[Task item] Quote the whole listing exactly. Leave the pictures out of your copy.

[Data provided]
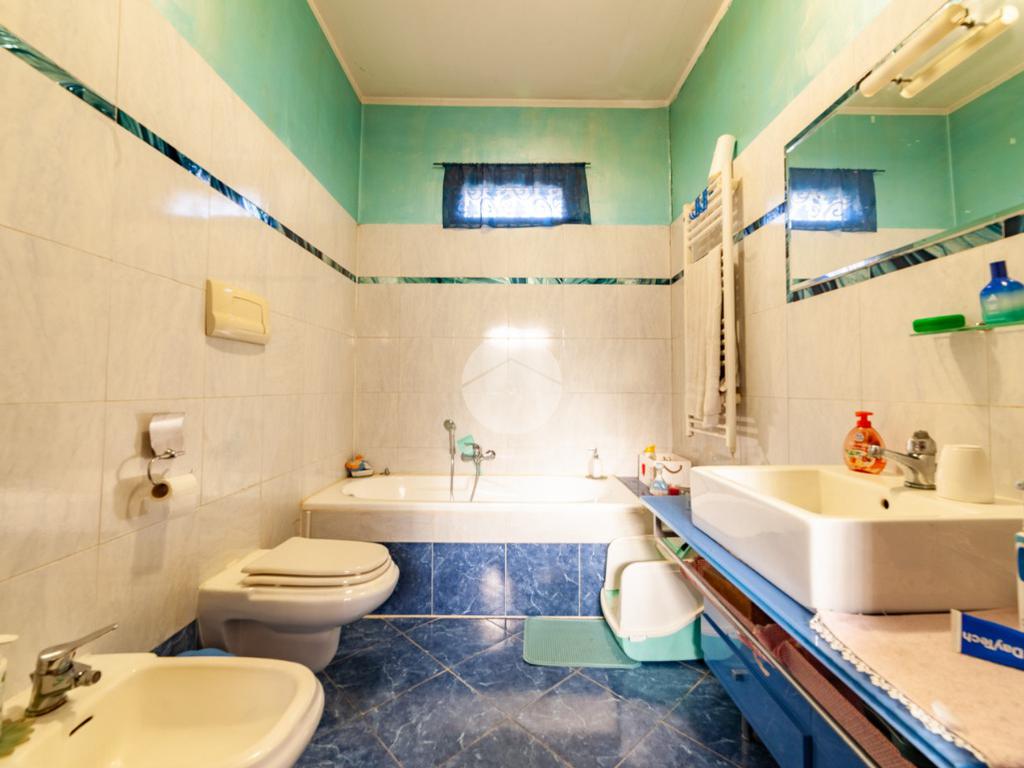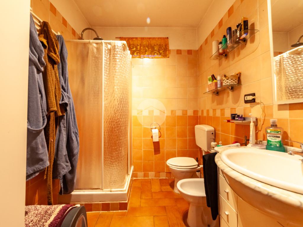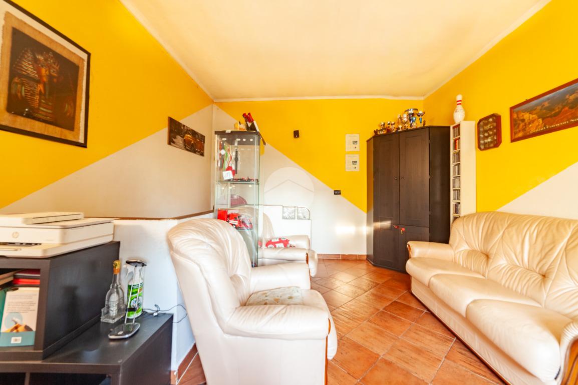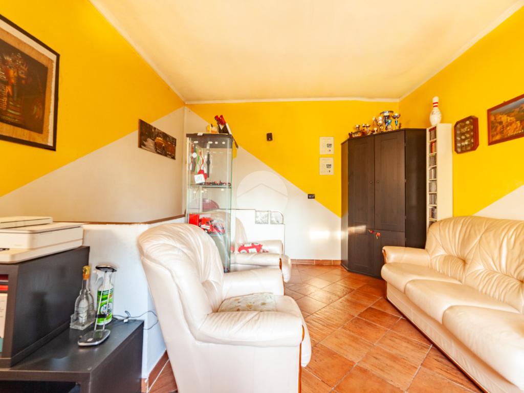 Dal vano scala centrale si sale al piano superiore, dove si trovano un salottino, il secondo bagno con vasca e due camere da letto, entrambe affacciate su un balcone esposto a Sud, con vista aperta e molto gradevole.
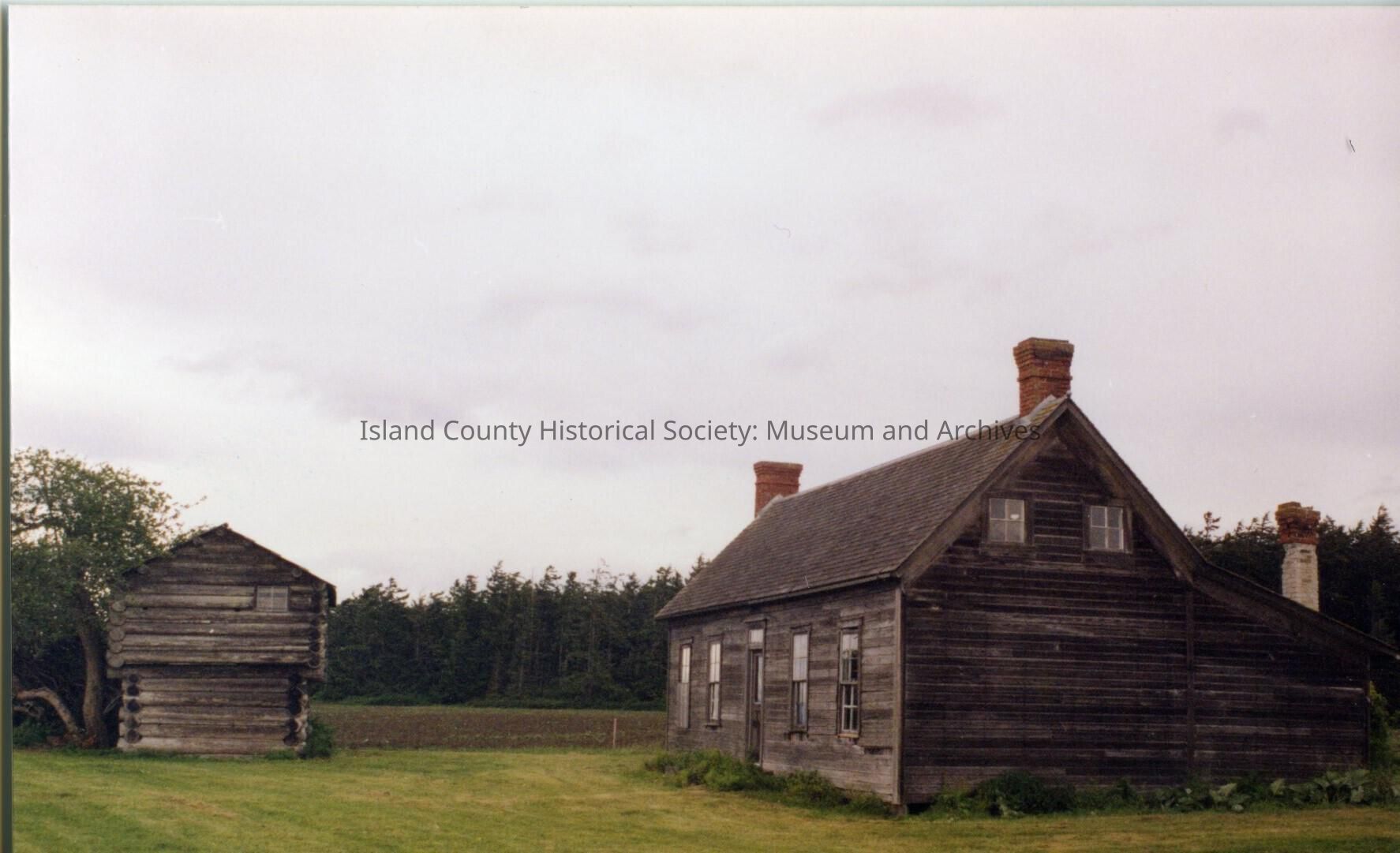 Jacob and Sarah Ebey House.Same scene as 2016.33.250, but this one is further in. Partial view of house and loghouse across from it. Front section mostly visible from the side. All three chimneus visible. View of shorter side on the right is visible which shows the upper leve of the house- the small window near the roof eaves.
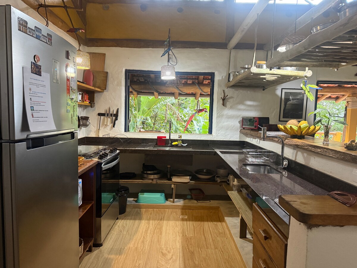 Questa casa è il rifugio tranquillo che stai cercando, con una vista mozzafiato e circondata da uccelli. La cucina integrata con bancone americano e il soggiorno illuminato con mobili rustici creano un'atmosfera accogliente. Sul portico, rilassati su un'amaca o prepara un delizioso barbecue. La camera da letto con letto matrimoniale, TV e armadio, e bagno dotato di vasca e doccia separati, garantiscono il vostro comfort. Inoltre, la casa ha un orto e un cortile. Non perdere l'occasione di goderti questa casa unica!
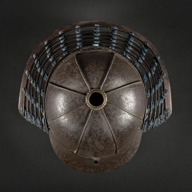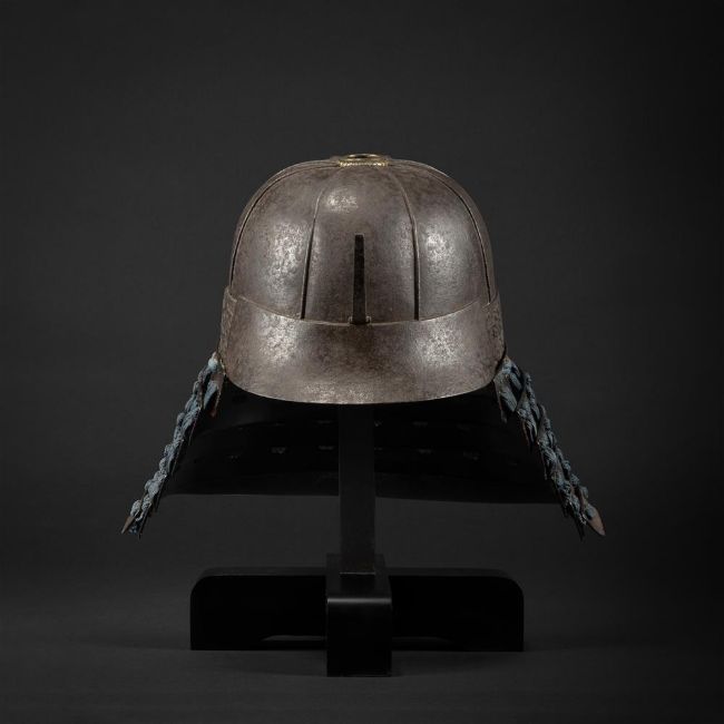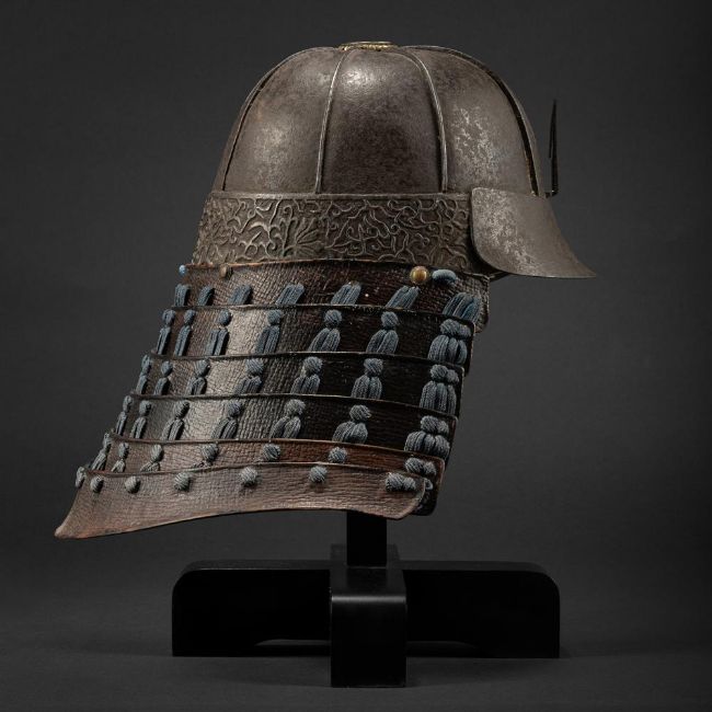 ‡  Property from the Collection of Jean SaportaAn eight-plate iron kabuto [helmet] and mempo [face mask]Momoyama period, late 16th century  the eight-plate russet iron bowl with raised ridged, the rim carved and chased with scrolling foliage of archaic form, russet iron peak with red lacquer underside, the leather three-tiered neck guard with spaced lacing in blue braid, interior linen lining, the russet iron ressei mempo with flared nostrils and open mouth, deeply embossed wrinkles, detachable nose-plate, silver teeth, red lacquer interior, black lacquer four-tiered throat protector with close-spaced lacing in green braid 35 cm. wide Condition Report: the helmet bowl with some pitting and minor rust consistent with age and use, a few small dents and nicks to the neck guard, the black lacquer underside redecorated, the red lacquer to the reverse of the peak well worn, the linen lining worn, the mempo with slight chips to the lacquer on the interior and a few minor cracks, the yodaregake slightly worn with some detached lacing, the mask with surface rust consistent with age and use.  Please note that the lot is sold without the display stand. A stand can be ordered through the department.  Condition Report Disclaimer
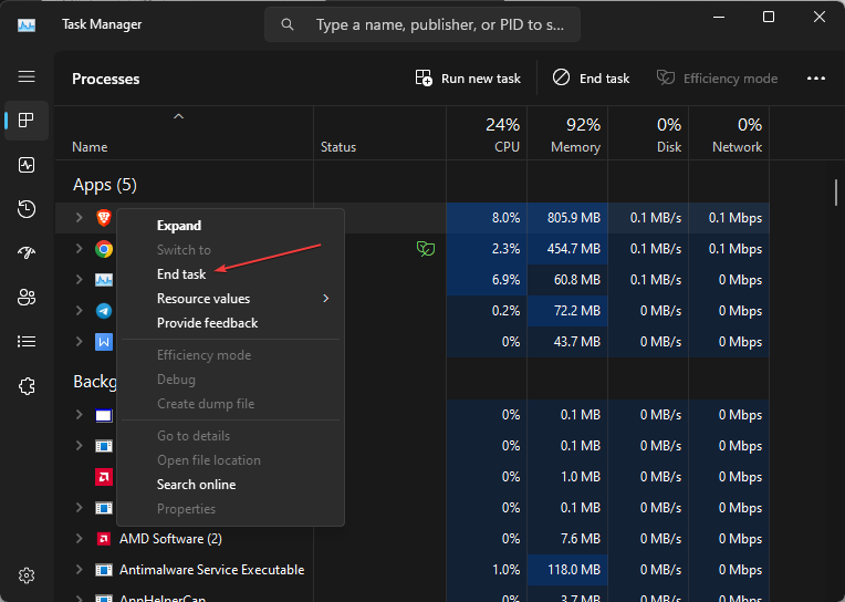 - Во вкладке «Производительность» и «Процессы» найдите приложения с высоким потреблением CPU/памяти и завершите их через «Завершить задачу».
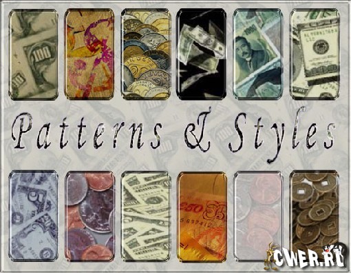 Сборник для работы в Photoshop содержит около 4000 кистей, 1500 стилей и 1200 градиентов.
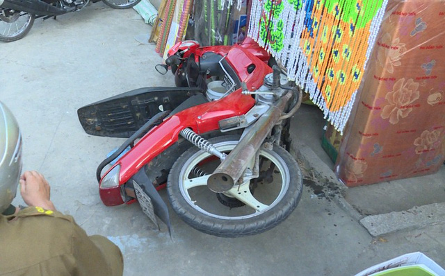 Chiếc xe máy của anh Linh bị trượt ngã tại khu vực chợ.
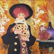 L'artiste a utilisé les techniques Acrylique, Collage pour créer cette peinture petit format sur Carton toilé de style Figuratif sur les thèmes Portraits, Scènes de vie.

[Task response]
 Dal vano scala centrale si sale al piano superiore, dove si trovano un salottino, il secondo bagno con vasca e due camere da letto, entrambe affacciate su un balcone esposto a Sud, con vista aperta e molto gradevole.
 Jacob and Sarah Ebey House.Same scene as 2016.33.250, but this one is further in. Partial view of house and loghouse across from it. Front section mostly visible from the side. All three chimneus visible. View of shorter side on the right is visible which shows the upper leve of the house- the small window near the roof eaves.
 Questa casa è il rifugio tranquillo che stai cercando, con una vista mozzafiato e circondata da uccelli. La cucina integrata con bancone americano e il soggiorno illuminato con mobili rustici creano un'atmosfera accogliente. Sul portico, rilassati su un'amaca o prepara un delizioso barbecue. La camera da letto con letto matrimoniale, TV e armadio, e bagno dotato di vasca e doccia separati, garantiscono il vostro comfort. Inoltre, la casa ha un orto e un cortile. Non perdere l'occasione di goderti questa casa unica!
 ‡  Property from the Collection of Jean SaportaAn eight-plate iron kabuto [helmet] and mempo [face mask]Momoyama period, late 16th century  the eight-plate russet iron bowl with raised ridged, the rim carved and chased with scrolling foliage of archaic form, russet iron peak with red lacquer underside, the leather three-tiered neck guard with spaced lacing in blue braid, interior linen lining, the russet iron ressei mempo with flared nostrils and open mouth, deeply embossed wrinkles, detachable nose-plate, silver teeth, red lacquer interior, black lacquer four-tiered throat protector with close-spaced lacing in green braid 35 cm. wide Condition Report: the helmet bowl with some pitting and minor rust consistent with age and use, a few small dents and nicks to the neck guard, the black lacquer underside redecorated, the red lacquer to the reverse of the peak well worn, the linen lining worn, the mempo with slight chips to the lacquer on the interior and a few minor cracks, the yodaregake slightly worn with some detached lacing, the mask with surface rust consistent with age and use.  Please note that the lot is sold without the display stand. A stand can be ordered through the department.  Condition Report Disclaimer
 - Во вкладке «Производительность» и «Процессы» найдите приложения с высоким потреблением CPU/памяти и завершите их через «Завершить задачу».
 Сборник для работы в Photoshop содержит около 4000 кистей, 1500 стилей и 1200 градиентов.
 Chiếc xe máy của anh Linh bị trượt ngã tại khu vực chợ.
 L'artiste a utilisé les techniques Acrylique, Collage pour créer cette peinture petit format sur Carton toilé de style Figuratif sur les thèmes Portraits, Scènes de vie.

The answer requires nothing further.